I'm designing an application that's supposed to help ease a very tedious and difficult task.


Prior to this app - each user would be given a spreadsheet with about 5-8 columns, and 300-500 rows. (Each user's spreadsheet would be different).


For each and every row, the user would need to populate a value in the last column. That value would be selected from a list of choices (e.g., an Excel drop-down menu) that usually contained 20-30 choices. The list of choices is exactly the same for every row.


The actual context is sensitive, but here's a hypothetical analogous example - the spreadsheet contains a list of bugs for software development project. Each column has a different piece of information about the bug (e.g, the screen on which the bug occurs, the severity of the bug, who discovered the bug, how repeatable it is, etc.) The user must review each bug, and assign the bug to a developer (from a list of about 20 developers). That assignment is made in the last column.


As you can imagine - this is incredibly tedious and time consuming.


By turning this into a web application, I will at least be reducing the time and trouble of distributing the spreadsheets, and ease the process of merging them.



But, I'd also like to be able to create a UI that streamlines the data-entry work as well.


My worst-case solution is a simple table/grid, with a drop-down menu (i.e. select element) in the last column of every row.

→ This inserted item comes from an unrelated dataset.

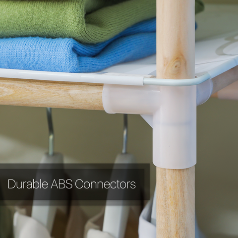 Different layers ensure their large capacity and provide enough space for your towels, pillows, and storage boxes. You can hang your clothes up instead of tucked away in a drawer. Solid wood makes this shelf stable and large load-bearing capacity, you can place your travel bags and suitcase on the top space.

But surely there's a better solution/design pattern for this?



Answer



I think a much easier solution for the end user, since you say the list of choices is the same for every row, is to have the table with the last column empty, and then a separate list somewhere on the page, near the table- not a dropdown but a list with all choices visible at a glance - where clicking a name will add it to the row automatically.


This way, instead of the user having to click and scan the dropdown each time, they are looking at one list, clicking the name once and moving on to the next row, clicking again, and so on.


You'll have to take into a few other elements - highlighting the row that's next to insert the name in, logic for selecting the next available row, etc but this would require the least amount of clicks and cognition from the user (imo).